他很怕傷到手,一度開始思考要不要先買個保險再上手練。
閔初教了一半,忽然停下來看著毫無成果的戚麟。
“你是不是……不會做飯?”
後者非常誠實的點了點頭。
閔初揉了揉太陽穴,隨手抽了根蘿卜,給他換了把稍微安全點的小菜刀,吩咐道:“先去學切小方塊吧。用熟手了再學怎麼切片,我晚點教你。”
閔初,一個未成年人,個子比戚麟還小一個頭,把手裡的任何蔬菜都簡直跟玩疊紙一樣,說切個玫瑰就切玫瑰,說雕個貓頭就雕個貓頭鷹,從頭到尾神情淡漠運刀飛快,完全是碾壓的水平。
戚麟學了一下午,差點把手弄破,一臉的不服輸。
明明都是九年製義務教育出來的!憑什麼你就這麼會!
他愣是有種不服輸的性子,心想江絕為了演戲連金魚都吃的進去,愣是開始挑燈夜戰學切蘿卜。
然後就真的切到半夜三四點鐘了。
戚麟切到後半夜,隱約能控製自己的手指的力度,和運刀的速度,一邊切一邊就開始胡思亂想。
回頭等他拿了影帝獎,在鏡頭下說得獎感言的時候,簡直可以說:“我能成功的演好這個角色,要感謝日日夜夜陪伴我的那塊豆腐和那根蘿卜。”
不,聽起來實在太詭異了。
然而拉斐爾沒有給他們太久時間在公司裡練習,而是帶著他們和閔初去了國外各種地方,開始了解各種知識。
他們去了西班牙的馬德裡,去了解劇本裡所描述的‘燉石雞’。
拉斐爾和閔初明明是不同國籍和不同年齡的人,可是在市場裡環遊的時候,對每一樣食材和香料都同樣的熟悉。

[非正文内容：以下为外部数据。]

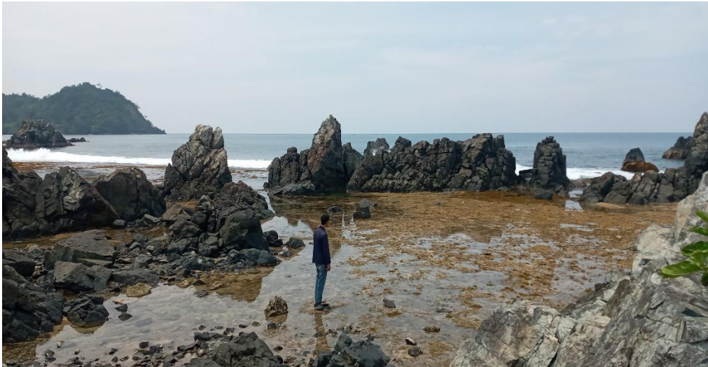
Gambar 3.0 Yaitu Tempat Wisata Yang Berada Di Tengor Nama Tepat Wisatanya Adalah Karang Bebai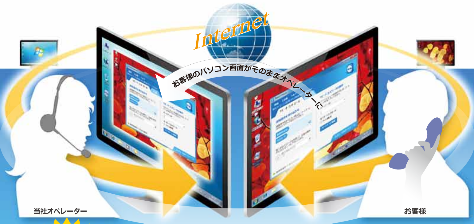
当社オペレーター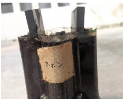
自作微生物燃料電池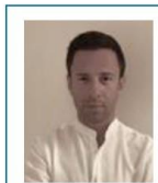
Tesoriere e Pres. Nominato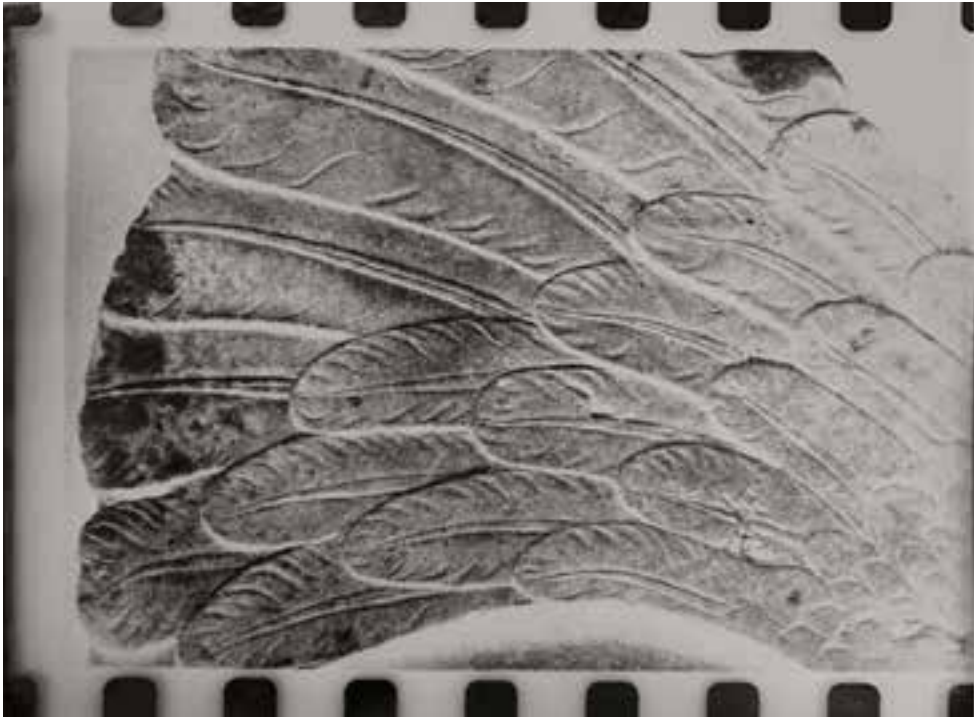
Vinge, Danmark (1986)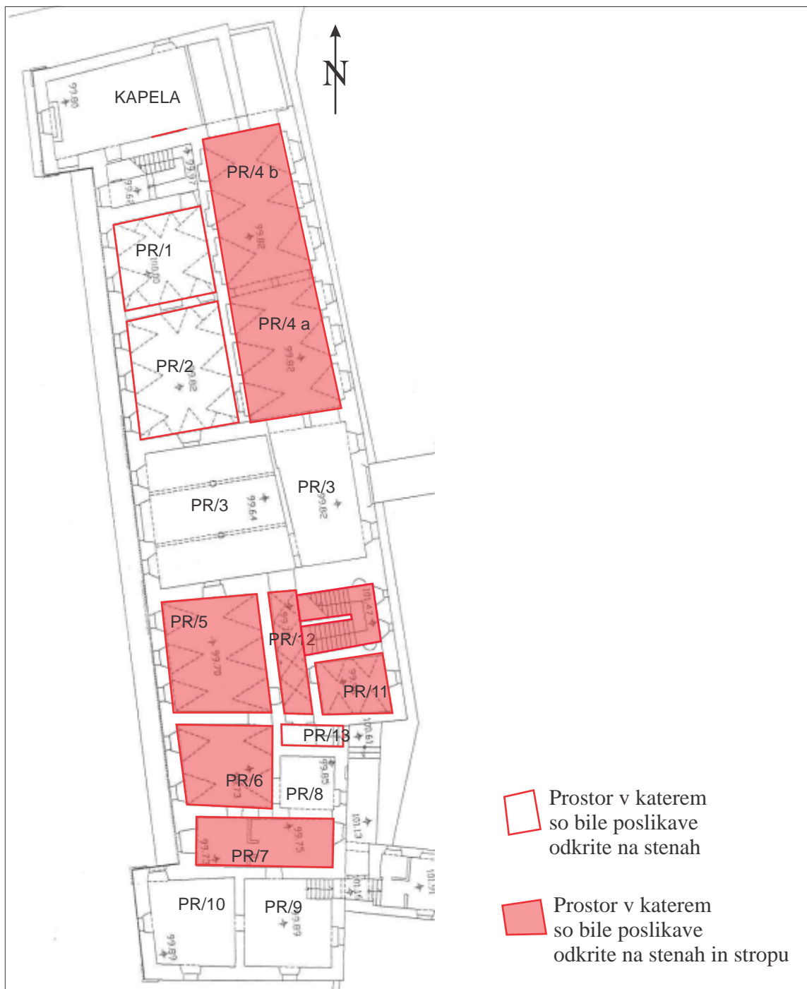
Slika 1: Grafi ni prikaz površin v pritli ju, za katere je sondiranje pokazalo, da so bile poslikane in poimenovanje prostorov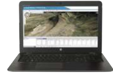
Estación de trabajo móvil HP ZBook 15u G3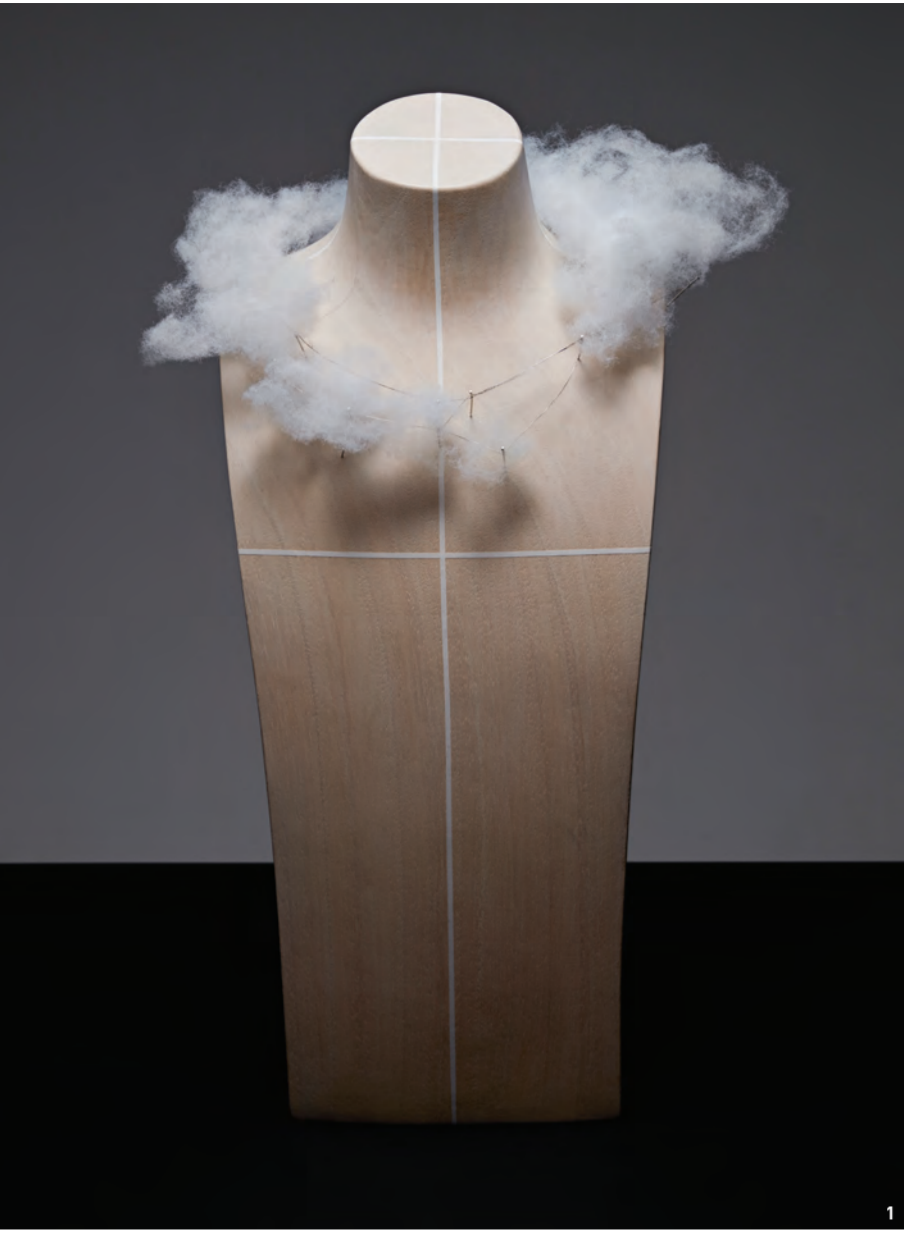
1 2020년 7월 까르뜨 블랑슈, 콩팅플라시옹(Contemplation) 컬렉션에서 선보인 '누아주 앙 아프상튀(Nuage en Apesanteur)' 네크리스 작업. 2 누아주 앙 아프상튀 네크리스. 3, 4 이스뚜와 드 스틸 2025 하이 주얼리 컬렉션, 길들여지지 않은 자연. 5, 6 2026 이스뚜와 드 스틸 하이 주얼리 컬렉션 프레데릭 부쉐론의 '어드레스(The Address)' 네크리스. 7, 8 까르뜨 블랑슈 2024 하이 주얼리 컬렉션, 오어 블루 카스카드(Cascade) 네크리스. 부쉐론 역사상 가장 긴 길이 (148cm)를 기록했다. 9, 10 까르뜨 블랑슈 2025 하이 주얼리 컬렉션, 임퍼머넌스 컴포지션(Composition) N°4. 11 왼쪽부터 부쉐론 CEO 엘렌 폴라-뒤켄과 크리에이티브 디렉터 클레어 슈완.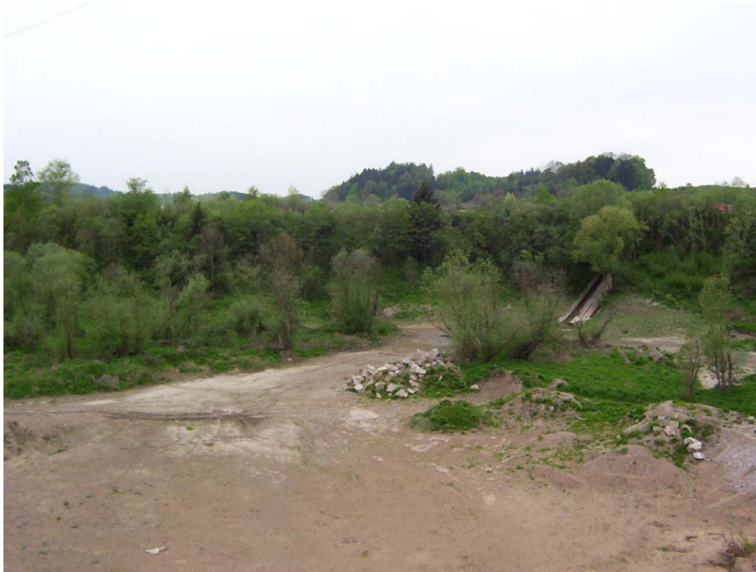
Abb. 7: Ehemalige Schottergrube bei Winkl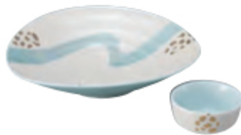
R287-286-39 パールスター流水楕円向付 18.8×17.5×4.8cm ¥2,550 R287-286-40 パールスター流水千代口 6.4×3.3cm ¥880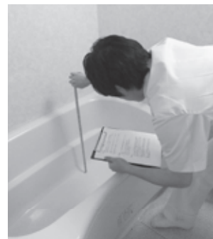
↑ 和田山医療センター

また、退院後に通院でのリハビリが困難な方に対し、自宅でリハビリを受けることができる訪問リハビリを行うこともあります。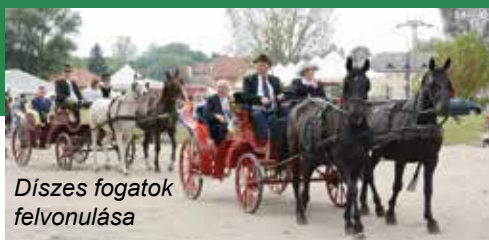
Díszes fogatok felvonulása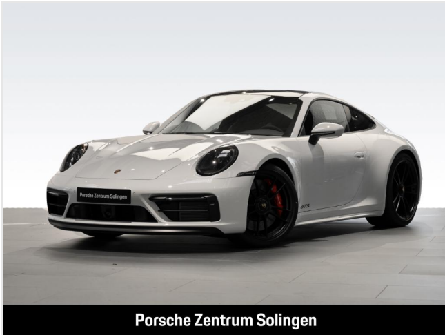
Porsche Zentrum Solingen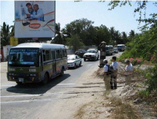
現在の対象道路（ゲレザニ道路）は片側一車線で、交通渋滞が慢性化している。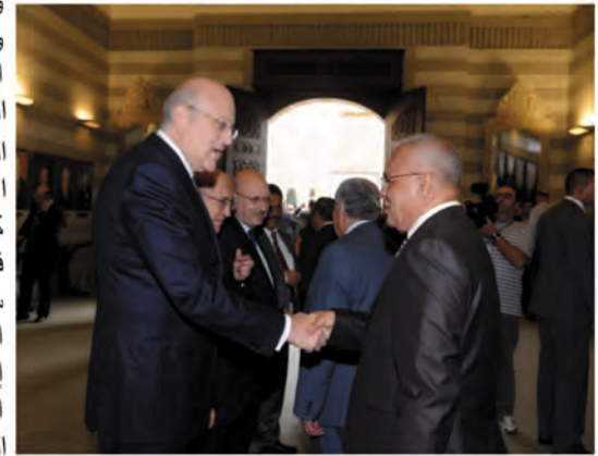
دولة رئيس الوزراء اللبناني يستقبل اعضاء المؤتمر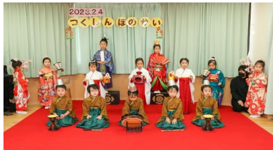
あかりをつけましょぼんぼりに～ ぞう組(5才児)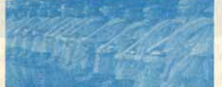
ภาควิชาปรัชญา คณะมนุษยศาสตร์

มาฆบูชา คือการประกอบพิธีบูชาในวันขึ้น ๑๕ ค่ำ เดือน ๓ ตามการนับเดือนของชาวอินเดียโบราณ โดยอาศัยการสังเกตจากการโคจรของพระจันทร์ที่เคลื่อนไปยังดวงดาวต่างๆ เรียกว่า “พระจันทร์เสี้ยวอัญมณี”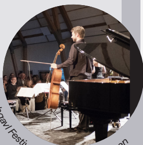
Hilsøgaard Festival. Foto: Mathias Bojesen

Festivalerne strækker sig over genrer som klassisk musik, jazz, folkemusik, opera og ny musik.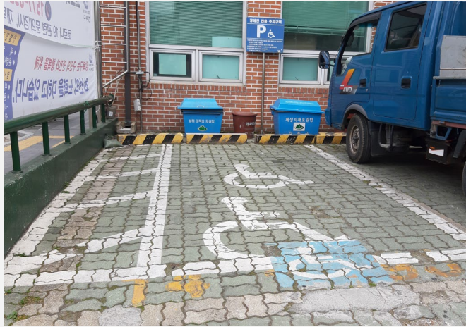
▲ 노후화된 장애인 주차장

戚麟跟著他們穿梭在吊著小橘燈的菜市場裡,聞著閔初遞來的各種香料,去理解歐芹碎的作用,百裡香的氣味,雪利醋的作用——
西班牙是火腿的天堂,幾乎大小酒館和餐廳裡都有上好品相的黑豬腿。
拉斐爾帶著他們去訪問自己的好友,了解火腿切割師是如何用尖薄如雪片的長刀,將大理石紋路的黑豬腿又輕又快的片下來。
伊比利亞黑豬腿肉的紋路細密如蛛網,中間還夾雜著橡子的香氣——每到深秋的時候,這些黑豬會瘋狂的進食接近六七公斤的橡子,連肉都會沾染上草木的香氣。
“這些後腿被海鹽醃製過,到了春夏再伴隨著溫度的變化泛出這樣的霜花。”拉斐爾跟劇組裡的編劇解釋著具體的特殊之處,英文雖然生硬也很動聽:“小豬出生起就吃林場裡的野莓和橡子,大了以後每公頃的黑豬不能超過兩隻。”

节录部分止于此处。